Mài Lǐ Jí Yào 脈理集要

A Concentrated Collection of Pulse Theory by 王宦 (Wáng Huàn, fl. late Wànlì, 明)

About the work

A one-juan late-Ming pulse compilation by Wáng Huàn, of which the principal organising principle is a four-character mnemonic verse covering the pulse rubrics, the three classical pulse-diagnostic methods (寸口 cùnkǒu + 人迎 rényíng + 衝陽 chōngyáng), and the standard pulse signatures. The work concludes with a programmatic passage on the Shàng gǔ sān zhěn 上古三診 (the three pulse-diagnostic methods of antiquity), arguing that the later restriction of pulse diagnosis to the cùnkǒu alone — the tiān qí yì 天其藝 (“Heaven secluded the art”) — was a degradation of the original threefold practice.
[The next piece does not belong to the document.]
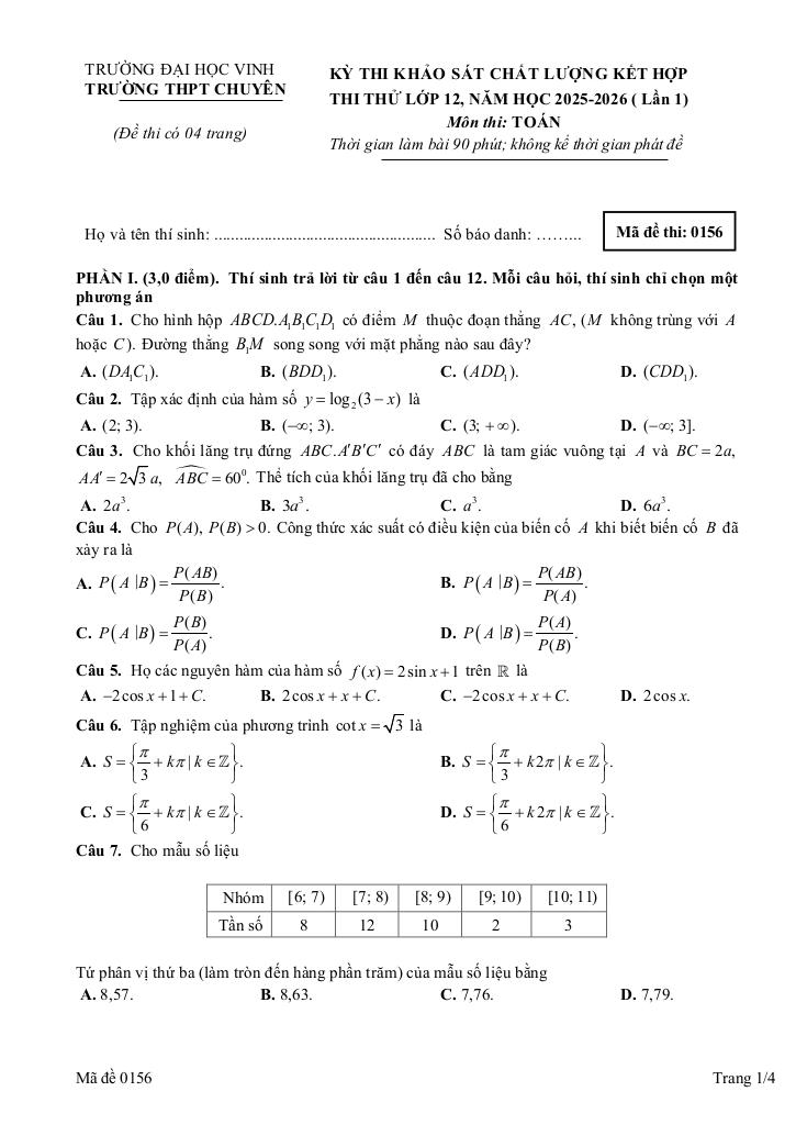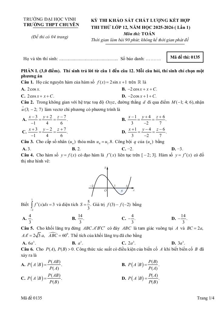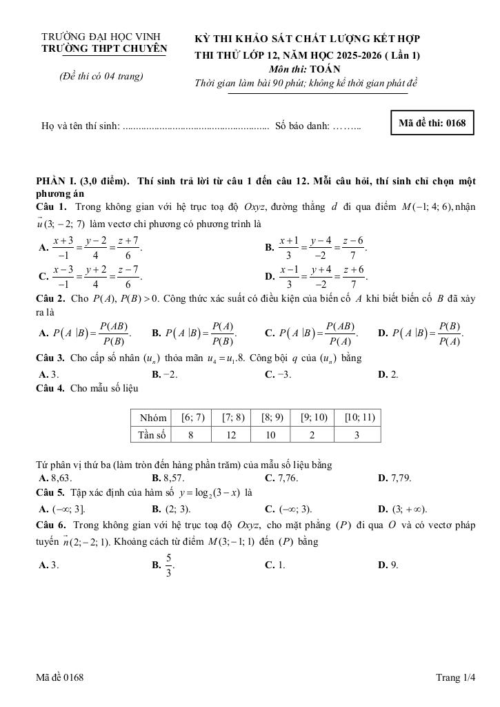 Trích dẫn Đề thi thử TN THPT 2026 môn Toán lần 1 trường chuyên ĐH Vinh – Nghệ An:

The book is short and didactic, structured as a tabular reference for clinical use.

Prefaces

The jicheng.tw _000.txt opens directly with the body text after a brief yuán xù yào lüè 原序要略 (summary of the original preface); no dated authorial colophon is preserved. The conventional dating to the late Wànlì period (1570–1620) follows external bibliographic evidence; Wáng Huàn is otherwise lightly documented but appears in late-Wàn-lì pulse-literature catalogues.

Abstract

Wáng Huàn 王宦 is essentially unknown beyond this work. The catalog records his dynasty as 明 (Ming), and his stylistic affinities — the use of four-character mnemonic verse on the Cuī Jiāyàn pattern, the explicit treatment of the three antique diagnostic methods, the cosmological tabulation of pulse signatures by season and viscus — place him in the late-Wàn-lì pulse-literature milieu around Lǐ Shízhēn KR3eb014 and Wú Kūn KR3eb040. The most distinctive contribution is the preservation of the Shàng gǔ sān zhěn doctrine: although Huá Shòu KR3eb023 had earlier noted the contraction of pulse diagnosis from three sites to one, Wáng Huàn’s exposition is unusually crisp and frequently quoted in later Qing pulse manuals.

The text is not in CBDB and the author has no external attestation; the conventional dating reflects internal stylistic evidence.

Translations and research

  • No Western-language translation exists.
  • No substantial secondary literature located. Modern reprints appear in the Zhōng yī gǔ jí zhěn běn cóng kān 中醫古籍珍本叢刊.